Wednesday, June 6, 2012

Denial

Today is a bad day. I got a phone call from the secretary at my pain doctor's office. The insurance has denied my request for inpatient ketamine for Monday or in general. My doctor is fighting hard to try to appeal it but the secretary does not seem to optimistic. I'm still having my injection on Friday. The MRI didn't show anything. My iron levels are border line low, and i cannot take regular iron pills as they make me sick. It's most likely because i dont eat much and when i do, i don't eat much meat or leafy greens. Eating is just too painful for me. I've lost a lot of weight.

I'm probably going to have to quit my summer internship. This is really upsetting to me. I was looking forward to learning a lot and having a good time and having something to put on my resume. I cant really leave the house now except for doctors. I'm trying to figure out how to do normal things like shower because i can't stand for more than a couple of minutes without extreme pain.
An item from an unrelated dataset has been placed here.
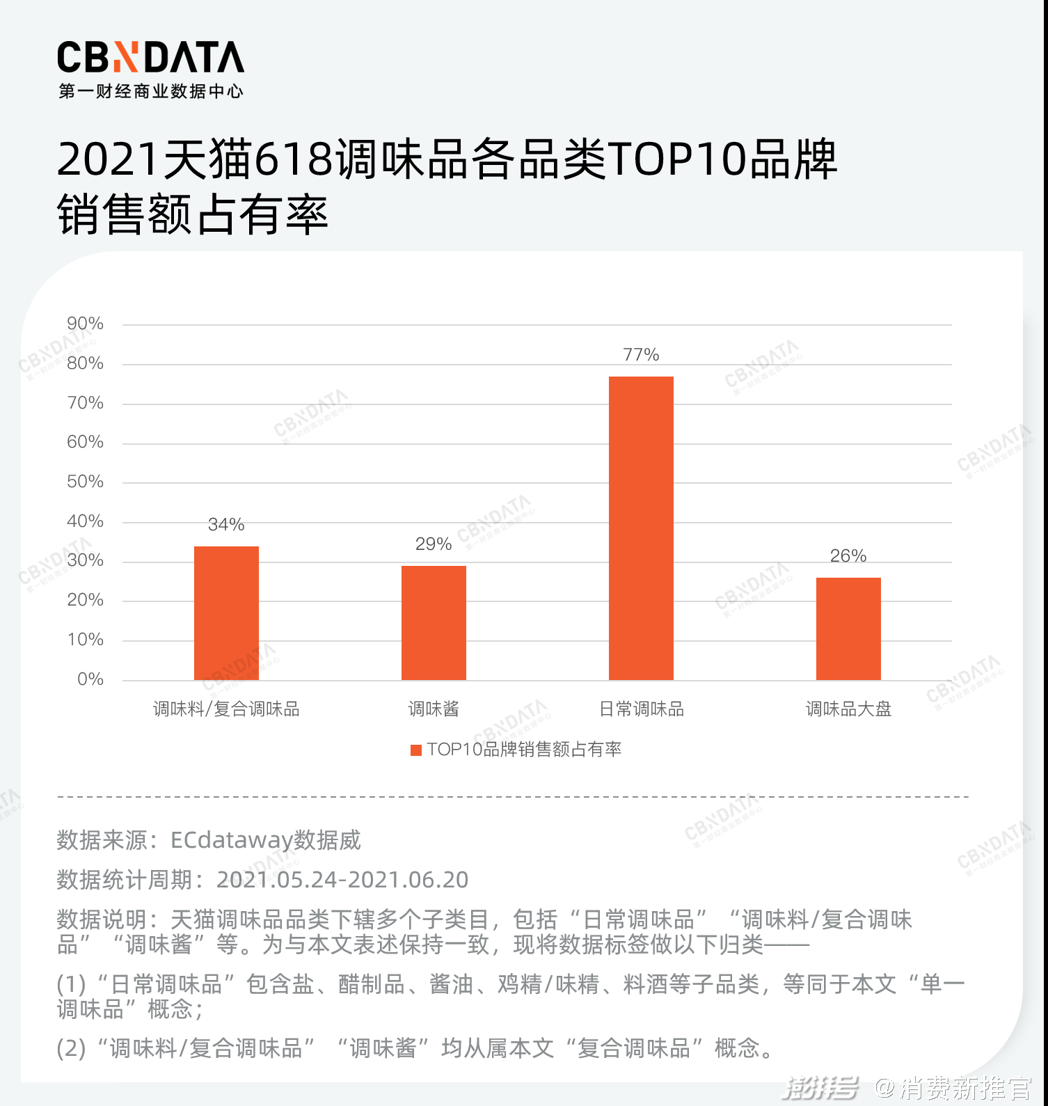 在單一調(diào)味品領(lǐng)域,頭部品牌的市占率很高,這也是該細(xì)分賽道新品牌入局較少的原因之一。以電商平臺(tái)的表現(xiàn)為例,ECdataway數(shù)據(jù)威數(shù)據(jù)顯示,2021年天貓618期間,調(diào)味品類(lèi)目銷(xiāo)售額TOP10品牌的銷(xiāo)售額占有率為26%。而日常調(diào)味品(包括鹽、醋制品、醬油、雞精/味精、料酒等單一調(diào)味品)TOP10品牌的占有率高達(dá)77%。這些品牌包括海天、千和、李錦記、廚邦等,不少都是上市企業(yè)。

To make things worse the water of the shower coming down makes the pain worse due to the sensitivity to touch.

Looking forward to the ketamine treatment was something that was giving me hope. Now i don't know what to do. I don't want to give myself too much hope that the doctor will be able to appeal it becuase i know hes a great doctor and he will do everything possible, but the insurance company is stubborn. I don't want to set myself up for disapointment again.